Work instructions.
Only some lines are wanted: please transcribe exactly those from the one containing "Pastel Jigsaw Puzzle" through the end of the data, pictures excluded.

Recorded data.
'''

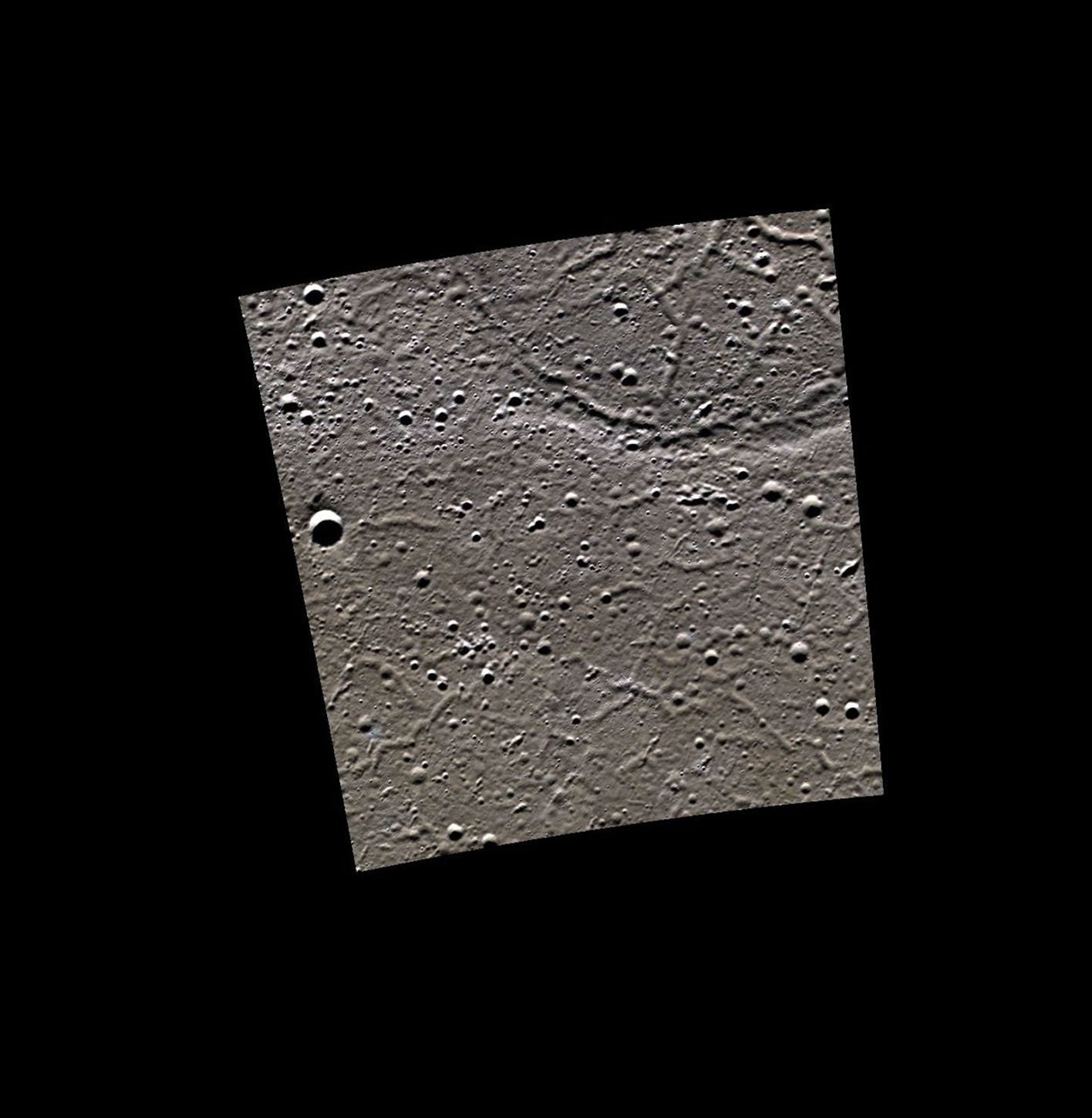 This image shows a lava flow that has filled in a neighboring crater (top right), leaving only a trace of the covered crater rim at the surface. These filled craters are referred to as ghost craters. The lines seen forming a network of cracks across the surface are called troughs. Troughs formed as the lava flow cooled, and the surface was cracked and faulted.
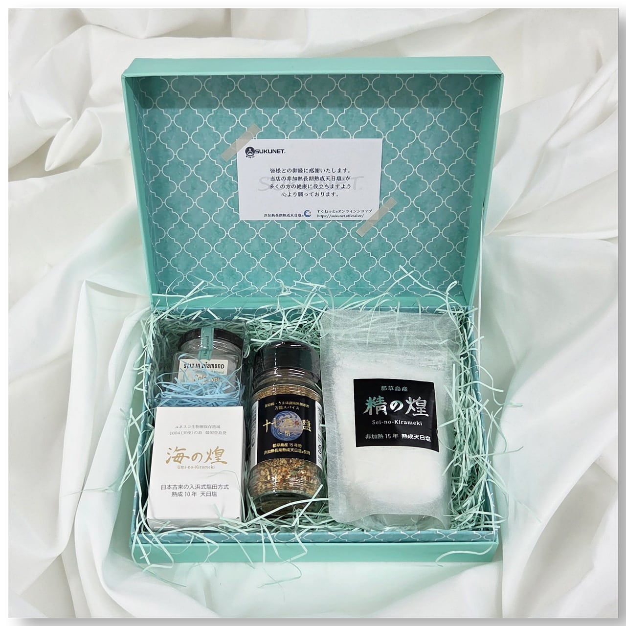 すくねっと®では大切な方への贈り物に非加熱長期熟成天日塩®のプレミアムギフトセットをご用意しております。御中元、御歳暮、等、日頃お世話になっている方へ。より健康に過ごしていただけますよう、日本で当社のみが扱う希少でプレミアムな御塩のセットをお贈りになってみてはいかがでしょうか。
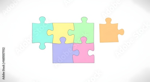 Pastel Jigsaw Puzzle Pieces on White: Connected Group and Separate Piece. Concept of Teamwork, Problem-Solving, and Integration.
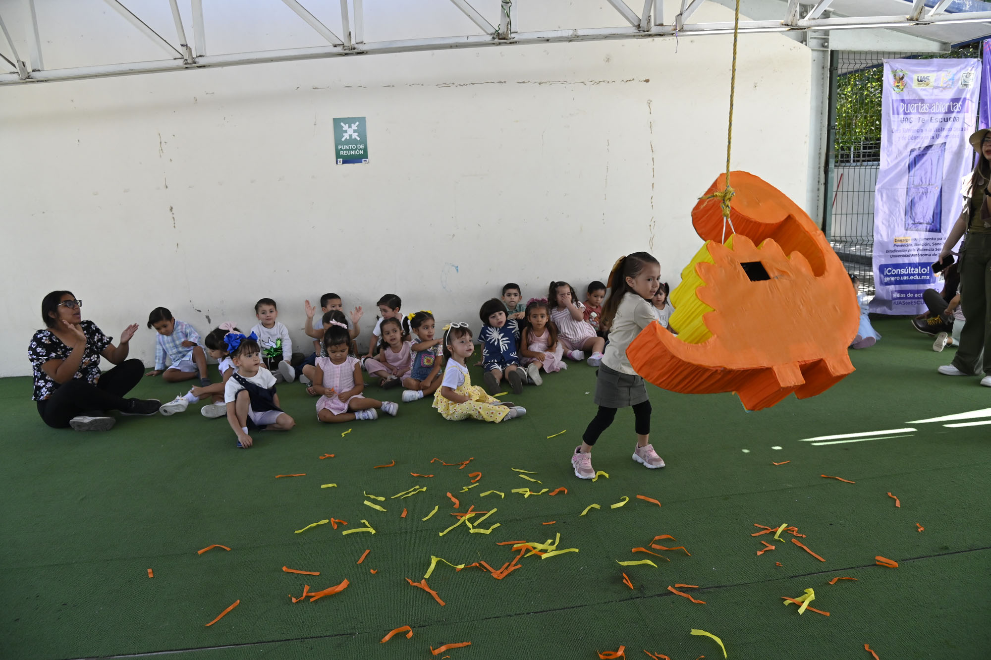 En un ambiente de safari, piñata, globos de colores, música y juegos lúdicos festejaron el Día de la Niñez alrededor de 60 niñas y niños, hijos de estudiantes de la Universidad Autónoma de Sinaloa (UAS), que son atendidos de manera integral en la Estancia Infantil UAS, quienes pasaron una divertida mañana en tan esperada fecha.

'''

Response to the task.
 Pastel Jigsaw Puzzle Pieces on White: Connected Group and Separate Piece. Concept of Teamwork, Problem-Solving, and Integration.
 En un ambiente de safari, piñata, globos de colores, música y juegos lúdicos festejaron el Día de la Niñez alrededor de 60 niñas y niños, hijos de estudiantes de la Universidad Autónoma de Sinaloa (UAS), que son atendidos de manera integral en la Estancia Infantil UAS, quienes pasaron una divertida mañana en tan esperada fecha.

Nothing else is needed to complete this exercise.